In an epic bout of theatre that may require a couple years of recuperation, my family and I attended seven plays in seven days in Ashland earlier this month, including two Shakespeare comedies. The real standout performance of the summer, however, isn’t 400 years old but brand new — the sublime “The Unfortunates.”

Mostly taking place in the traumatized imagination of a soldier awaiting execution, ultimately “The Unfortunates” is a joyous story with roots that twine deep into the American subconscious, framed by the folksong “St. James Infirmary Blues.” I know it sounds ridiculous.
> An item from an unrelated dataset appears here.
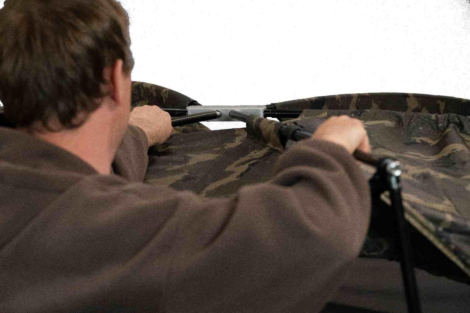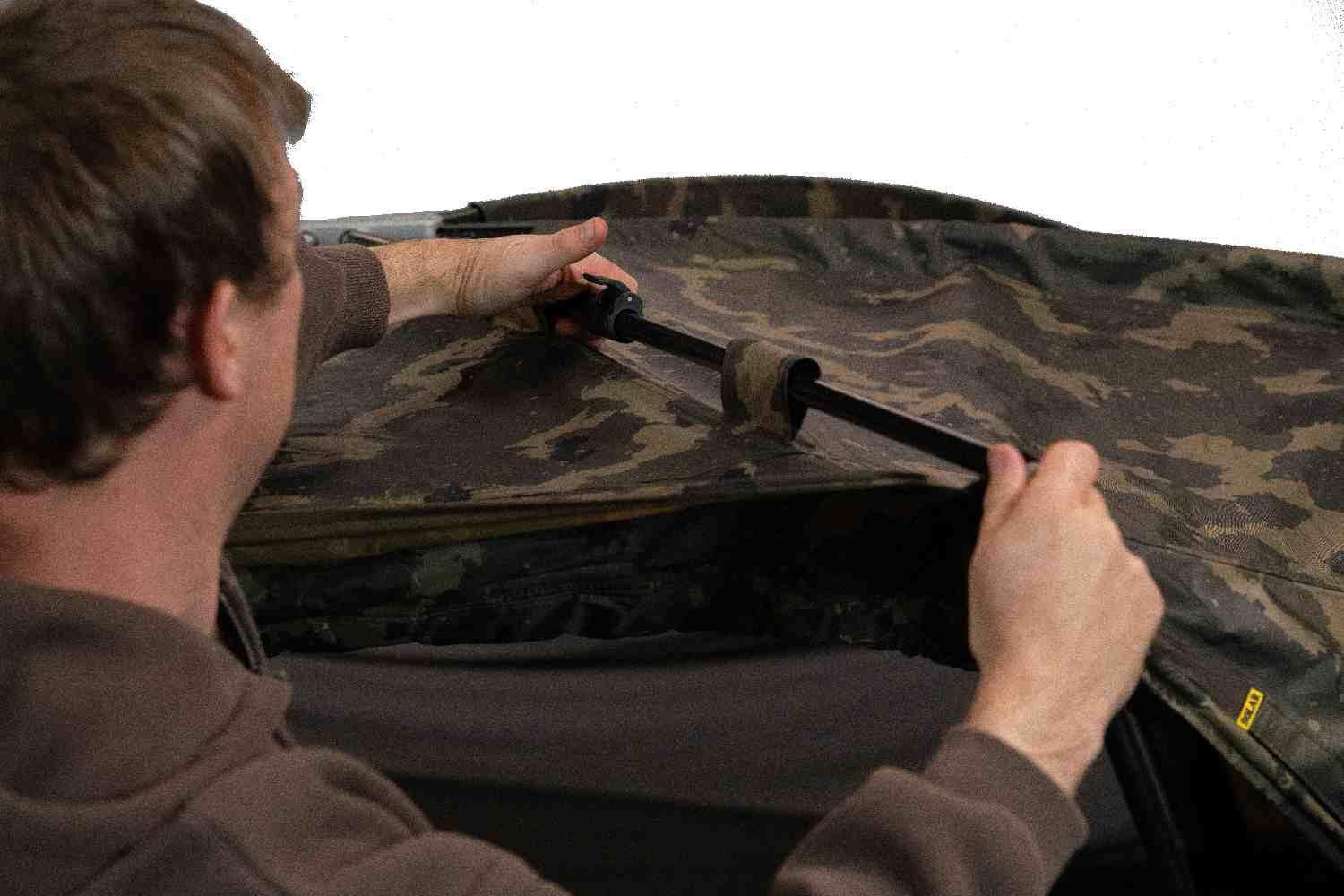First things first: the size. At 4 meters wide, this shelter is huge. The clever Flat-Back Design means you can push your bedchair right to the rear wall, opening up acres of floor space for your bags, table, cooking gear, and even a guest chair. Despite its size, setup is a breeze thanks to the TRS (Tension Reduction System). This smart feature takes the tension out of the poles when packing away or setting up, meaning no more wrestling matches with your bivvy at the end of a tiring session.

We might not have taken a chance on it except that it has the same corps of a cappella hip-hop performers known as 3 Blind Mice who blew us away in OSF’s soul-awakening Hamlet in 2010.

I’m 100 percent with director Shana Cooper when she says of “The Unfortunates,” “Perhaps the greatest gift is how it has revitalized my belief in the capacity of music and theatre not only to inspire but to heal and to redeem.” A sincere standing ovation for this tour de force of originality that pays homage to everything from Rocky Horror to Albert Camus. In its weird and rough-edged way, this is a play that I can envision enduring for 100 years.

OSF’s re-imagined “My Fair Lady” and the lighthearted female-empowerment adventure “The Heart of Robin Hood” also brought me to my feet this year. All the casts are outstanding. However, two individuals I’ll remember forever are Anthony Heald as Alfred P. Doolittle and Tanya Thai McBride as Plug the Dog. Completely overturning his infamous role as Hannibal Lecter’s slimy psychiatric nemesis in “The Silence of the Lambs,” Heald is the ultimate charming rapscallion in Lady. And the young McBride, who also has a big speaking part in “Midsummer Night’s Dream,” cracked me up as the best dog ever. I wanted to go backstage afterward and reward her with a scratch behind the ears. Man’s best friend has never been so hilarious. 

Chinook Observer editor Matt Winters lives in Ilwaco with his wife and daughter.